The jit assembly for Slice()
is unchanged, but the regression is inside the benchmark code ReadOnlyMemoryStart()
. The underlying issue is that in .NET 3.1, we do a null check for obj
and if it is null, call HELPER_RUNTIMELOOKUP
. If not, we will just operate on that object. This is how we generated code in .NET 3.1 for such checks:
G_M18749_IG07:
add x0, fp, #32 // [V01 loc0]
mov w2, #5
bl ReadOnlyMemory`1:Slice(int):struct:this
str x0, [fp,#16] // [V02 loc1]
str x1, [fp,#24] // [V02 loc1+0x08]
mov x0, x20
ldr x2, [x21,#16]
cbnz x2, G_M18749_IG08 ; <----------- This condition checks if obj != null
movz x1, #0xd1ffab1e
movk x1, #0xd1ffab1e LSL #16
movk x1, #0xd1ffab1e LSL #32
bl CORINFO_HELP_RUNTIMEHANDLE_CLASS
mov x2, x0
G_M18749_IG08:
add x1, fp, #16 // [V02 loc1]
mov x0, x2
bl Slice`1:Consume(byref)
mov x0, x20
ldr x1, [x21,#24]
cbnz x1, G_M18749_IG09
movz x1, #0xd1ffab1e
movk x1, #0xd1ffab1e LSL #16
movk x1, #0xd1ffab1e LSL #32
bl CORINFO_HELP_RUNTIMEHANDLE_CLASS
mov x1, x0
For happy path (where obj != null
), we would jump to G_M18749_IG08
and use the obj
. Otherwise, we would call CORINFO_HELP_RUNTIMEHANDLE_CLASS
. However, in .NET 5, we have flipped the condition of this check:
G_M6359_IG14:
add x0, fp, #64 // [V01 loc0]
mov w2, #5
bl ReadOnlyMemory`1:Slice(int):ReadOnlyMemory`1:this
str x0, [fp,#48] // [V02 loc1]
str x1, [fp,#56] // [V02 loc1+0x08]
mov x0, x20
ldr x1, [x21,#24]
cbz x1, G_M6359_IG16 ; <----------- This condition now checks if obj == null
;; bbWeight=1 PerfScore 8.50
G_M6359_IG15:
str x1, [fp,#32] // [V14 tmp11]
b G_M6359_IG17
;; bbWeight=0.25 PerfScore 0.50
G_M6359_IG16:
movz x1, #0xd1ffab1e
movk x1, #0xd1ffab1e LSL #16
movk x1, #0xd1ffab1e LSL #32
bl CORINFO_HELP_RUNTIMEHANDLE_CLASS
str x0, [fp,#32] // [V14 tmp11]
;; bbWeight=0.25 PerfScore 0.88
G_M6359_IG17:
add x1, fp, #48 // [V02 loc1]
ldr x0, [fp,#32] // [V14 tmp11]
bl Slice`1:Consume(byref)
mov x0, x20
ldr x1, [x21,#32]
cbz x1, G_M6359_IG19
Now, in happy path, we check for obj == null
condition and if true, would call CORINFO_HELP_RUNTIMEHANDLE_CLASS
, otherwise, we would goto G_M6359_IG15
and do a jump to G_M6359_IG17
. Not only we introduce extra jumps in .NET 5, we also have to spill the values on stack. The local frame size in .NET 3.1 is just 40 vs. 168 for .NET 5.0.

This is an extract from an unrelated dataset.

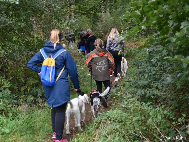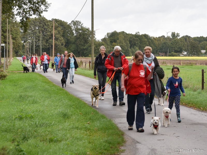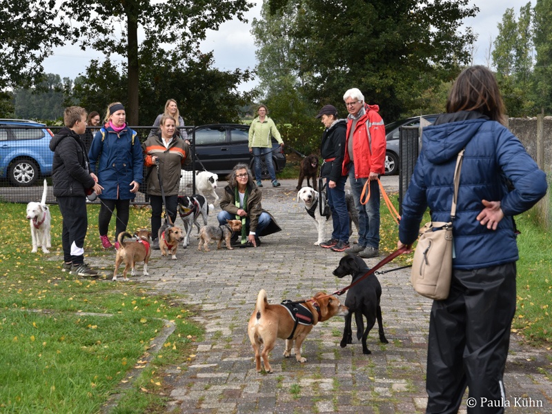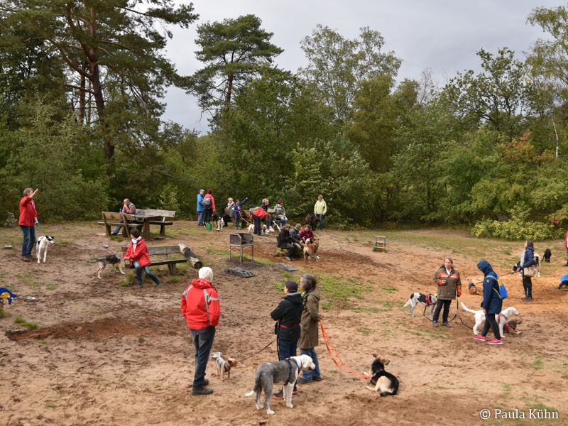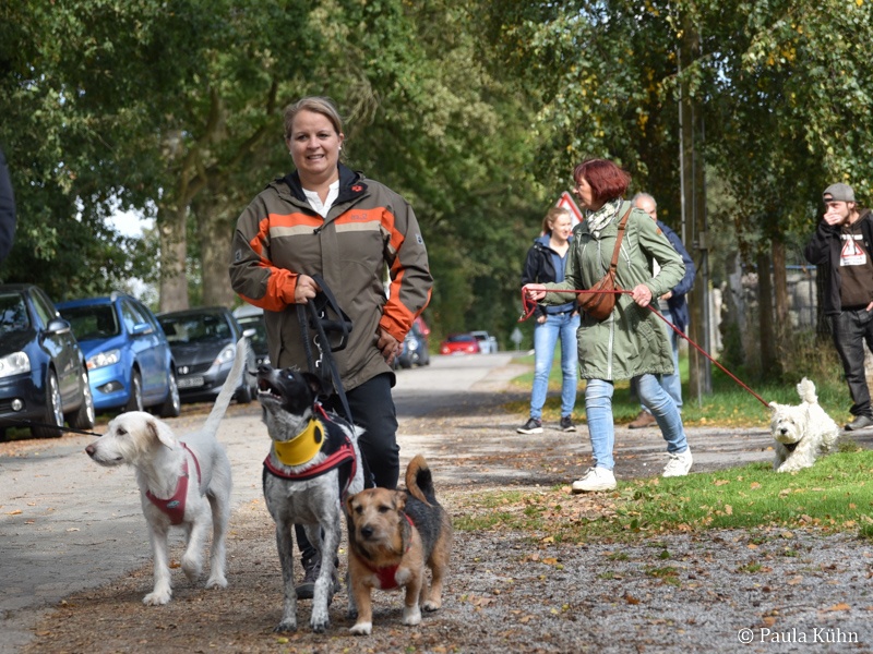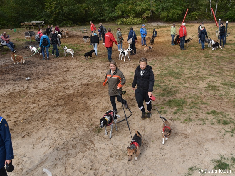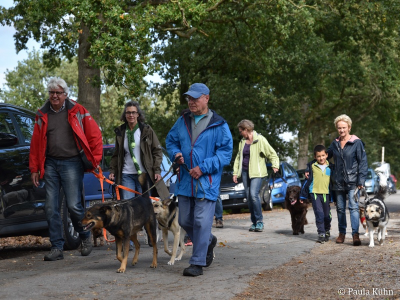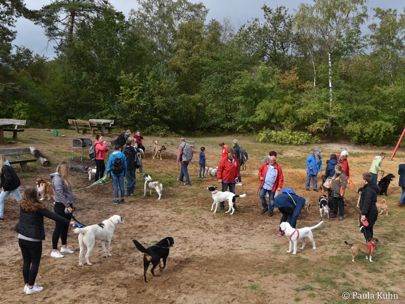 29.09.2019 Der Regengott hatte ein Einsehen mit den lauffreudigen Vierbeinern und ihren Herrchen und Frauchen, die zum Tierheim gekommen waren, um gemeinsam mit den Tierheimhunden eine schöne Runde durch den Letter Bruch zu drehen. So hatte der Regen pünktlich zu 14 Uhr aufgehört, als sich die Meute auf den Weg machte. Der traditionelle Herbstspaziergang ist auch für unsere ehemaligen Schützlinge immer eine beliebte Gelegenheit einmal wieder das Tierheim zu besuchen. Da ist die Wiedersehensfreude groß!

The branches in G_M6359_IG15
and G_M6359_IG16
are weighted same as 0.25
. As per @AndyAyersMS , I tried to bump up the weight of non-call branch higher, but that doesn't change the condition. I will further see what else we can do here.
Edit:
In .NET 3.1, the condition would just have 1 arm and so it gets flipped, however in .NET 5, we have 2 arms on that condition, one coming from "expandable generic dictionaries" work that we did in .NET 5, so most like given that, bumping the non-call branch won't make a difference.
.NET 3.1 tree:
[000163] ------------ * STMT void (IL ???... ???)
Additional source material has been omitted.